Brothers in Mind
British scientists have tried to find out how many intelligent civilizations can exist in the Milky Way galaxy. After making new estimates on the example of the Earth, they came to the conclusion that this number can be just over three dozen. This is reported by the newspaper “Gazeta” .
For centuries, scientists, peering into the depths of space, have wondered whether there are other civilizations in the universe, and if there are, how many of them. An important achievement in the estimation of the number of civilizations was the appearance in 1960 of the famous Drake equation.
The equation formulated by Dr. Frank Drake makes the number of intelligent civilizations in our galaxy dependent on seven different variables, including the number of stars born per year in our galaxy, the proportion of sun-like stars with planets, the probability of intelligent life forms on a planet that has life, and the lifetime of such a civilization.

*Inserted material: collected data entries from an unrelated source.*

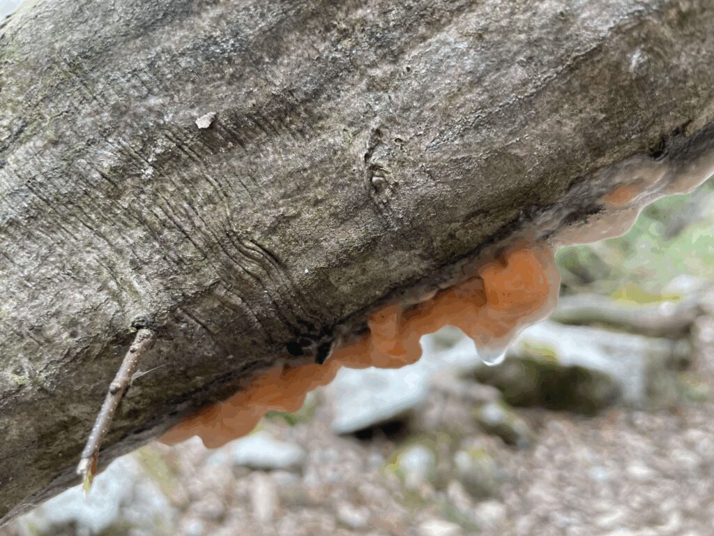 また、未知の体験もさせてくれるのが山でもある。歩いている途中で木の幹から滴る樹液を発見。
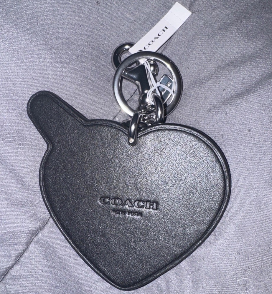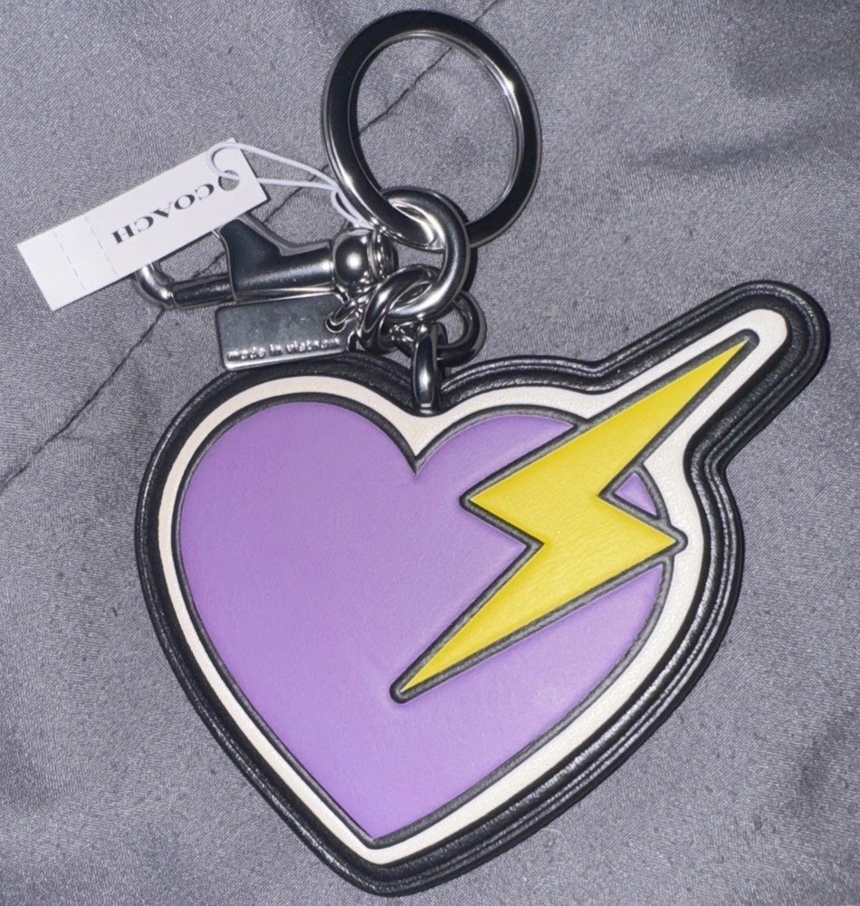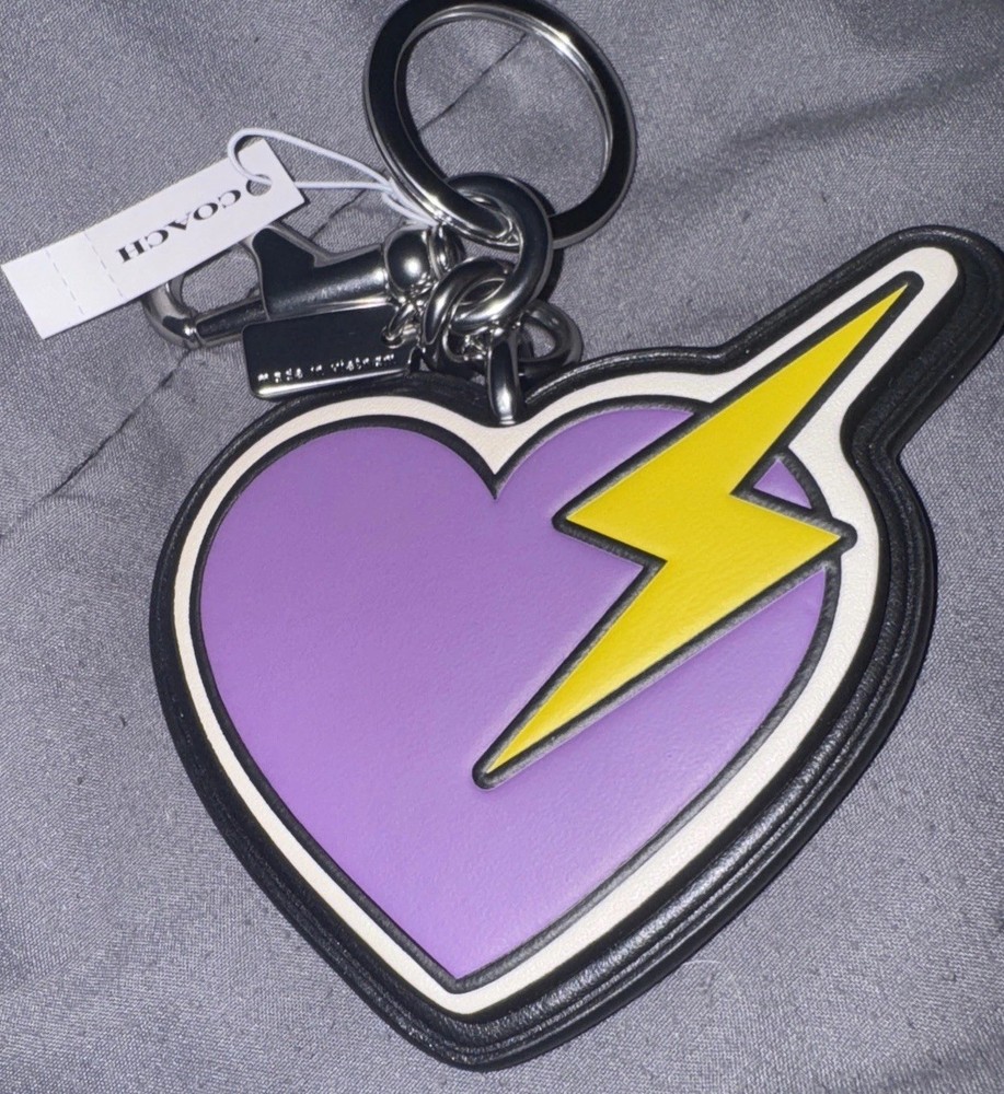 The NWT Coach Leather Heart Lightning Bolt Key Chain Fob is a stylish and charming accessory designed for women. Made from high-quality leather in a vibrant purple color, this key chain features a heart motif, adding a touch of personality to any bag or set of keys. The iconic Coach brand and unique lightning bolt detail make it a standout piece, perfect for those looking to add a touch of flair to their everyday essentials.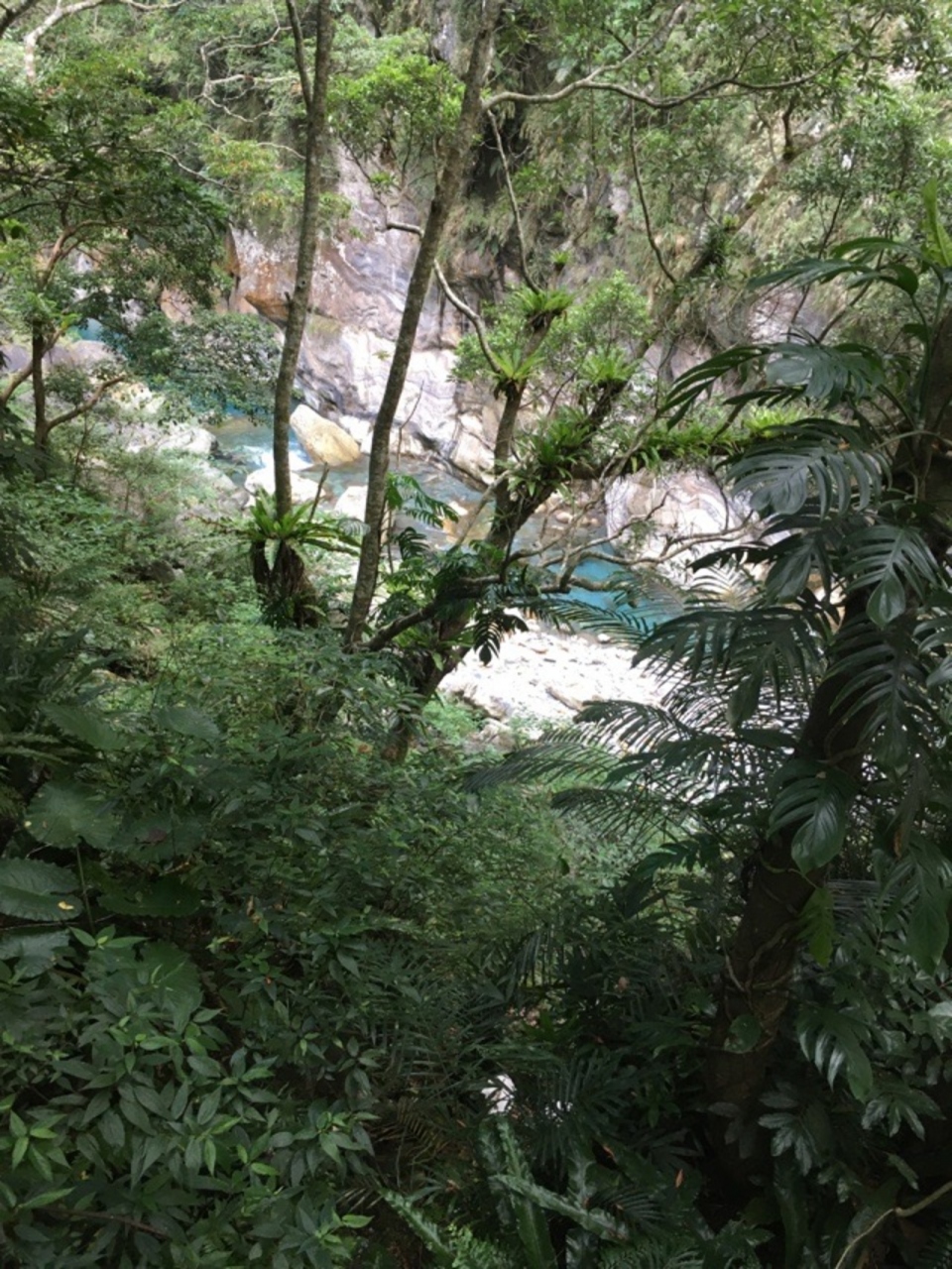 観光の名所にもなっています。深く刻まれた谷底に流れているエメラルドブルーとグリーンの中間色の川の水を見下ろしたとき、渓谷のぜっぺきを見上げた時、感動を覚えました。原住民の作ったソーセージが売られていました。

From a practical point of view, the Drake formula is of little use — the uncertainty of most of the parameters used in it makes it useful only for reasoning about the number of intelligent civilizations in our galaxy.
The calculations used in the past gave completely different results-from zero to billions of civilizations in the Milky Way.

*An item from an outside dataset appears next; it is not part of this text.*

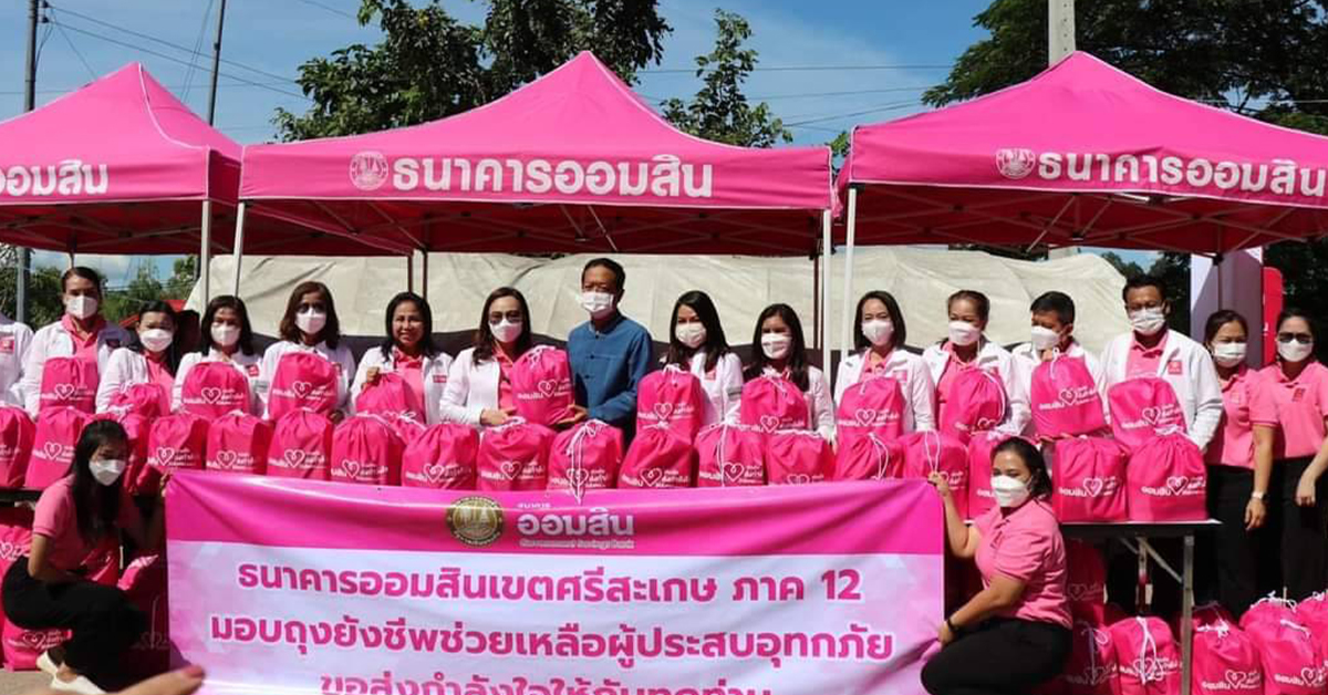 นายวิทัย รัตนากร ผู้อำนวยการธนาคารออมสิน มอบหมายให้ นางปิยหทัย ปิยะรัมย์ ผู้ช่วยผู้อำนวยการธนาคารออมสินสายงานกิจการสาขา 4 นายธัชกร กล่อมจิต รักษาการผู้อำนวยการภาค12 พร้อมด้วยคณะผู้บริหาร พนักงาน และลูกจ้างธนาคารออมสิน ส่งมอบความห่วงใยให้กับผู้ประสบอุทกภัยในพื้นที่จังหวัดศรีสะเกษ โดยมีนายชัยวัฒน์ ลิ้มลิขิตอักษร ผู้อำนวยการสำนักบริหารพื้นที่อนุรักษ์ (สบอ.)9 อุบลราชธานี และผู้สื่อข่าวจากเพจอีจัน เป็นผู้แทนรับมอบ ซึ่งได้มีกานนำถุงยังชีพ จำนวน 50 ชุด น้ำดื่มจำนวน 1,200 ขวด ส่งทางอากาศให้ประชาชนที่อาศัยในบ้านเรือนไม่สามารถออกมารับได้และความช่วยเหลือยังเข้าไม่ถึง

Scientists from the University of Nottingham (UK) conducted a new assessment, suggesting that different civilizations in different parts of the galaxy take about the same time to develop, and concluded that in our Milky Way galaxy there may be 36 of them.
It is believed that in the Milky Way galaxy, in which the Solar System is located, from 100 to 400 billion stars, while on average each star has at least one planet.
“There should be at least a few dozen active civilizations in our galaxy, assuming that it takes 5 billion years for intelligent life to form on other planets, as on Earth,” said study co — author Christopher Conselice. Scientists called the resulting estimate the Astrobiological limit of Copernicus.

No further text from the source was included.